*** Records supplied Section Begins ***

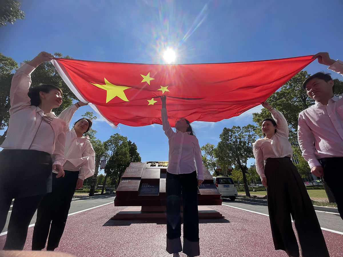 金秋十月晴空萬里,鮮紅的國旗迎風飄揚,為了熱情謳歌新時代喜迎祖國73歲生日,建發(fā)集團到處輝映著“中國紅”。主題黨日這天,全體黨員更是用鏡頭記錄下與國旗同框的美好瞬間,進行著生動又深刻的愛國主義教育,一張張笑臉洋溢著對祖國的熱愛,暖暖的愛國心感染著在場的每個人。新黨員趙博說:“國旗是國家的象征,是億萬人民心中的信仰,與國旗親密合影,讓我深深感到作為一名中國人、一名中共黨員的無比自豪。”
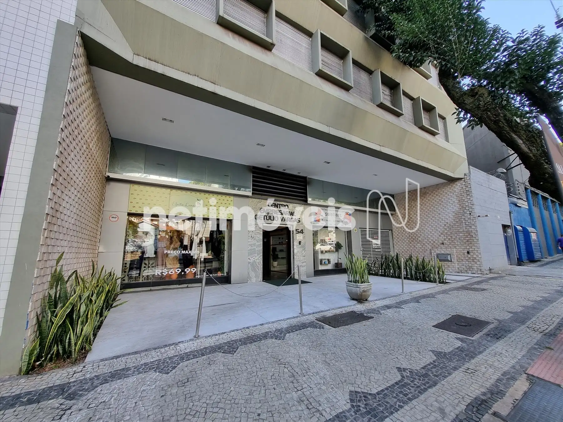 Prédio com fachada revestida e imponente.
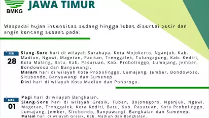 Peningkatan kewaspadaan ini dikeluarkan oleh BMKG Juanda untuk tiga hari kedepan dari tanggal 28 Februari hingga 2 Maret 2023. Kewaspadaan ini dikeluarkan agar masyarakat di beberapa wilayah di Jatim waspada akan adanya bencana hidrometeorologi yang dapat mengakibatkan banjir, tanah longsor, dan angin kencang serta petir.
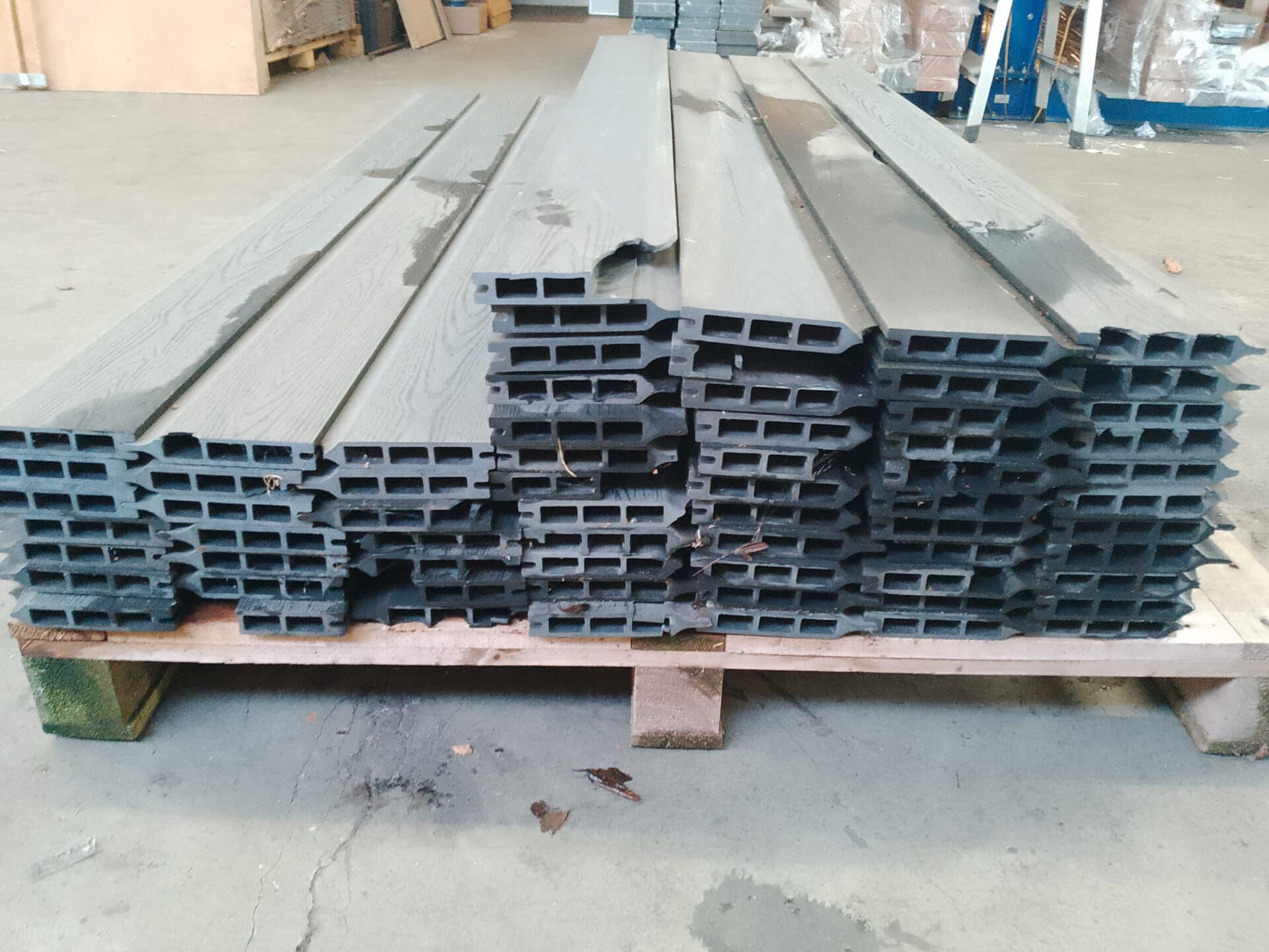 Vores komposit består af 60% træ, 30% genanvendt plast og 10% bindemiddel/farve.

*** Records supplied Section Ends ***
*** Records supplied Section Begins ***

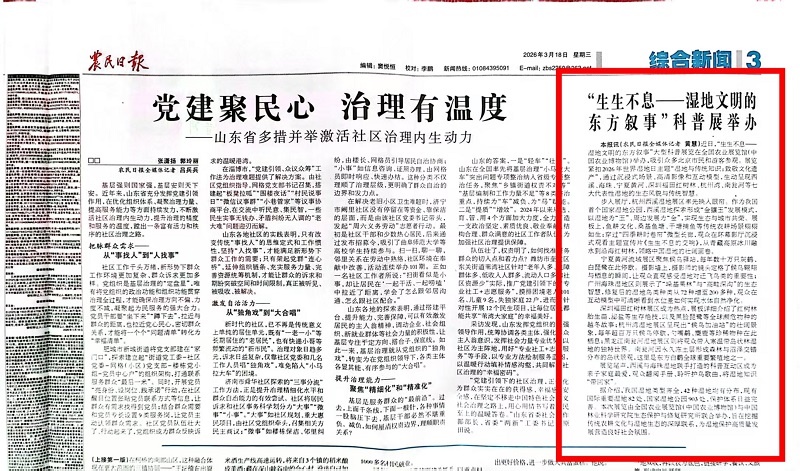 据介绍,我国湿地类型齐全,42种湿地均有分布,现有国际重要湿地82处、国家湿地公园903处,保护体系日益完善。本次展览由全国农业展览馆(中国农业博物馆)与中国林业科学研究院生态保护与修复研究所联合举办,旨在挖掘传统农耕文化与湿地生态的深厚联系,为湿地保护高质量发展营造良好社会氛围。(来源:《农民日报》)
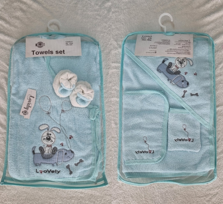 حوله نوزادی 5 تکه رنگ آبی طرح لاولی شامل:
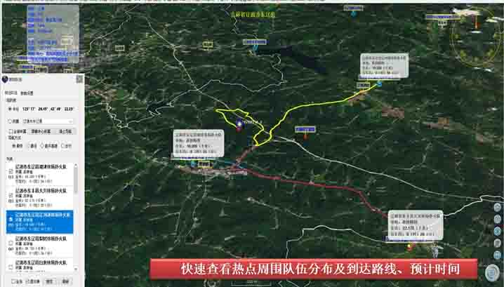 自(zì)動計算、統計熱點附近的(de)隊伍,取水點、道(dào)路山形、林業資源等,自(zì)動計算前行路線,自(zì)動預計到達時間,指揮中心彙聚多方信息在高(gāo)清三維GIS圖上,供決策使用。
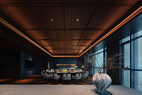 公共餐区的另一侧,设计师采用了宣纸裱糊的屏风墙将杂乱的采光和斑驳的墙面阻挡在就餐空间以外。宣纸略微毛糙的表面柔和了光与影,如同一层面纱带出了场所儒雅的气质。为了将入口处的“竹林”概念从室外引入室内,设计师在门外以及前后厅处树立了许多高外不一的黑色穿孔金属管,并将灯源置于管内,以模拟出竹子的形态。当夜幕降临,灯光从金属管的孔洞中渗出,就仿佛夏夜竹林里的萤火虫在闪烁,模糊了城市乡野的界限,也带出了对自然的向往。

*** Records supplied Section Ends ***
*** Records supplied Section Begins ***

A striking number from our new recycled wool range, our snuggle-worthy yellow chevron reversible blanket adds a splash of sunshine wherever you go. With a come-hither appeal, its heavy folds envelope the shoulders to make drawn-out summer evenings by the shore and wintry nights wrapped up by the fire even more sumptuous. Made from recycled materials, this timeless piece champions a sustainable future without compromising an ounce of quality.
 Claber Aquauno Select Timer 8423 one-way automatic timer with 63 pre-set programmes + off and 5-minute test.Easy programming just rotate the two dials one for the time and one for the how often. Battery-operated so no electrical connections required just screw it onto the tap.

*** Records supplied Section Ends ***

**Assignment**
Out of the records above, please copy exactly the lines from the line with "金秋十月晴空萬里,鮮紅的國旗" up to and including the line with "Vores komposit består", minus the pictures.

**Task response**
 金秋十月晴空萬里,鮮紅的國旗迎風飄揚,為了熱情謳歌新時代喜迎祖國73歲生日,建發(fā)集團到處輝映著“中國紅”。主題黨日這天,全體黨員更是用鏡頭記錄下與國旗同框的美好瞬間,進行著生動又深刻的愛國主義教育,一張張笑臉洋溢著對祖國的熱愛,暖暖的愛國心感染著在場的每個人。新黨員趙博說:“國旗是國家的象征,是億萬人民心中的信仰,與國旗親密合影,讓我深深感到作為一名中國人、一名中共黨員的無比自豪。”
 Prédio com fachada revestida e imponente.
 Peningkatan kewaspadaan ini dikeluarkan oleh BMKG Juanda untuk tiga hari kedepan dari tanggal 28 Februari hingga 2 Maret 2023. Kewaspadaan ini dikeluarkan agar masyarakat di beberapa wilayah di Jatim waspada akan adanya bencana hidrometeorologi yang dapat mengakibatkan banjir, tanah longsor, dan angin kencang serta petir.
 Vores komposit består af 60% træ, 30% genanvendt plast og 10% bindemiddel/farve.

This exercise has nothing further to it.